これを変えたいというのが開発チームの長期的な目標。ver1.2で導入された自律的な民間投資システムでは、

  • 建設力が経済システムで定められた割合で政府用民間用に分配される。例えば建設力が200あれば、伝統経済では75%が政府用、25%が民間用に割り当てられるので150/50となる。干渉経済では100/100。一方で使いきれず余っている分はもう一方で利用できます。
  • 民間用の建設力でなにが作られるかはAIが決める。建設の費用(鉄などの購入費)は国庫を経ず投資プールから直接支払われる。建設費が投資で賄えないときは民間の建設は止まる。
  • 投資プールは民間建設の支払いに当てられるようになった分、プレイヤーが建てているものには支払われなくなった。
  • 経済システムによっては投資プールへの上納にボーナスが付くので、税金として徴収して政府が建設するより効率的かも。しかしGDPが巨大な国では投資にマイナス補正がかかるのでそうでもないかも。
511/511は総建設力と使用中の建設力。民間/政府の配分は表示されないのでわかりにくい。
下から見ていって、再投資は投資のこと。まぎらわしい。
新規資材は建設費としての支出のこと。その差し引きが週間変化
いまは投資プールに余裕があるが、プール分がゼロになると投資(再投資)の範囲でしか民間建設が行われなくなる。

プレイングにどんな影響があるか

建設力が分散されるので開始直後に限られた建設力で重要な施設を揃えたいシーンで時間がかかるようになりました(ベース建設力5のみのときには民間建設は始まらないようです)。その代わり早い段階からPOPの資力を利用できます。

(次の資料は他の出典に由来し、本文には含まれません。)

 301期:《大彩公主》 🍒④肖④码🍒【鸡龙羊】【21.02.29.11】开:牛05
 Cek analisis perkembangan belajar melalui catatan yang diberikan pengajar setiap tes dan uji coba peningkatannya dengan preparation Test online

中盤以降は自動拡張のオート版と考えればまあ付き合えなくもないです。ただ施設をあちこちに乱立するので施設リストが激しく間延びする。また生産方法を調整するのはプレイヤーなのでその面倒さもある。

もう少し深掘りして考えてみる

建設力の配分の上限は決まっていますが、実際に使用する割合は変動します。どの経済システムを使っていても、政府が一切建てなければ民間が建設力を100%使えるし、民間に十分な資金がなければ政府が100%に近い割合を使うことになります。これは特に資本家POPが育っていない序盤で起きます。そのせいで政府の収支が乱高下しやすい。

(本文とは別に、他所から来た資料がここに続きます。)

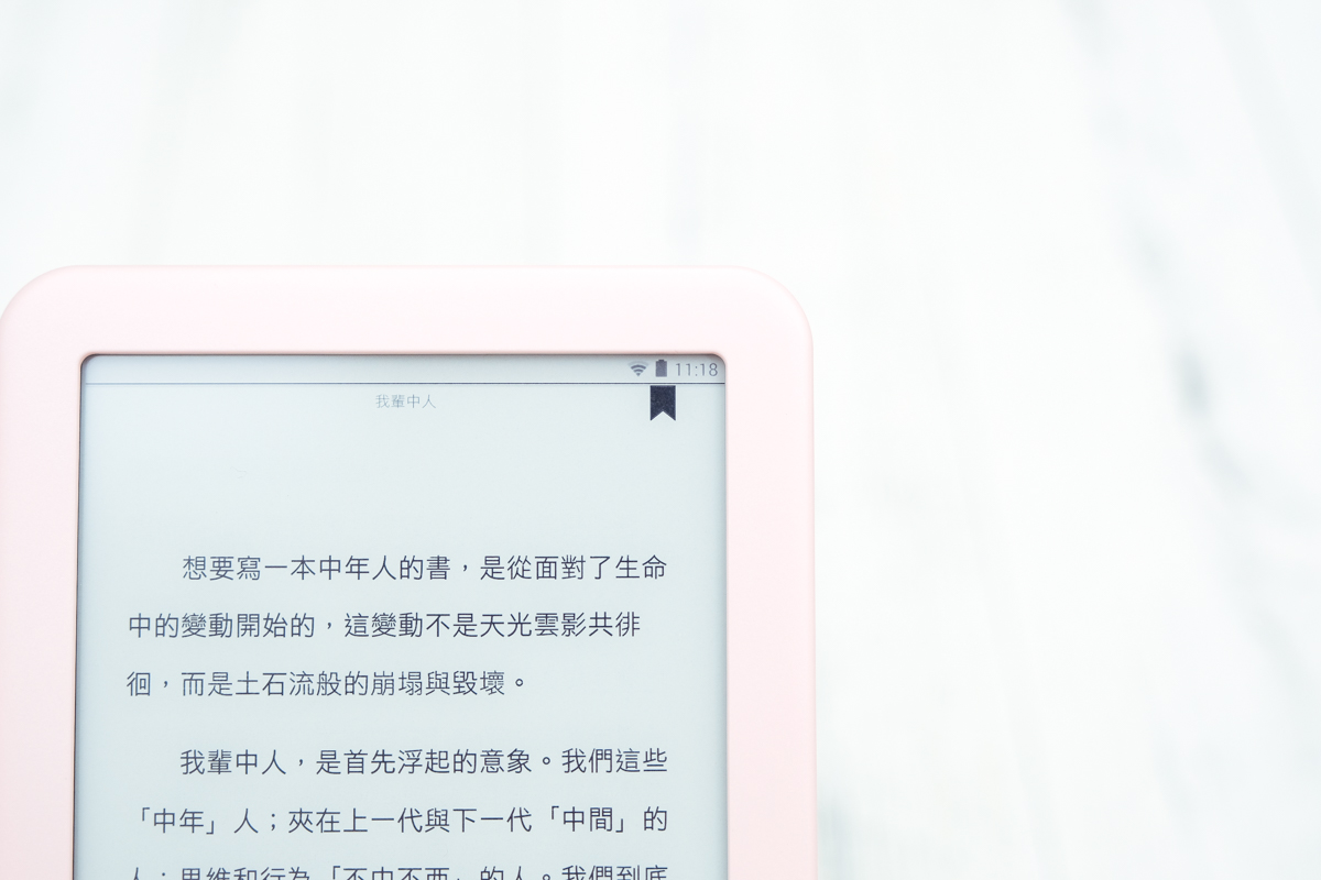 再來看看 mooInk 電子書閱讀器,面板由於不是使用背光技術來顯示,所以非常的乾淨,看起來真的很像就是在看紙本書籍的感覺。

レッセフェールを採用した場合は減税して建設は民間に任せるほうが良いのか?実は投資は各施設の利益から源泉徴収されるため増減税の影響を受けません。またレッセフェールによる資本家と貴族の投資ボーナス(拠出した額が1.25倍されてプールされる)もGDP規模に伴うマイナス係数に比べれば小さい(GDP1000Mで0.6倍)。

つまり民間投資を十分に生かせるのは、GDPがあまり大きくないが資本家が育っている西洋の中小国か、人口が多すぎて徴税力が全く足りていないインドや清、序盤のオーストリア、トルコあたりということになりそう。封建的な貴族社会のインドや清でレッセフェールを採用できるのは中盤以降ですが……
GDPが700Mを超えたあたりでは司令経済にしたほうが良いかも。

バランスを考えると超大国の独走を難しくするために建設力の規模ペナルティでもつけたほうがいいと思いますが、そのくらいはすでに検討されてそう。

他の欠点

民間建設AIはすでにキューに入っている施設やインフラは考慮しますが、それ以上の戦略性がないので、建ててほしくないところ、たとえば住民をすべて鉛鉱山で働かせたい州にもいろいろ建てます。

また何らかの理由で雇用が行われない施設でも生産物の価格が高いと平然と増設します。この辺はいずれ調整されるかも。趣旨は面白いのですが、欠点も多く、気に入らなければゲームルールの設定で1.1以前の仕様で遊ぶことも可能です。

経済以外の変更点

  • 日本語訳がかなり洗練されました。表示が狂っていたり意味が破綻していたところも8割以上正しくなっています。
  • 動乱状態の州では建設が大幅に遅れるようになりました。布告での鎮圧や警察の重要性が増しました。
  • 奴隷解放しても貴族層は奴隷制度への欲求を失わなくなりました。内戦で奴隷主義者を打倒したほうが早い…ように思えましたがそうでもなかった。奴隷制やその他の争点で内戦に勝っても自動的にその法律が通るわけではないため。
  • 外交プレイ(新しい訳だと外交戦)ができない場合、その理由があるていど明示されるようになりました。
  • 外交プレイで撤退した場合に飲ませられる要求(一次要求)を増やすことができるようになりました。つまり戦争の脅しで複数の州を割譲させることが可能になりました。
  • 軍の装備を変えた場合、いままではどの装備でも-75%の懲役1年が厳しすぎましたが、主装備が-80%、その他の装備なら-20%(いずれも1年)と調整されています。
資源マップ。これは鉄。以前は表示できなかったはず。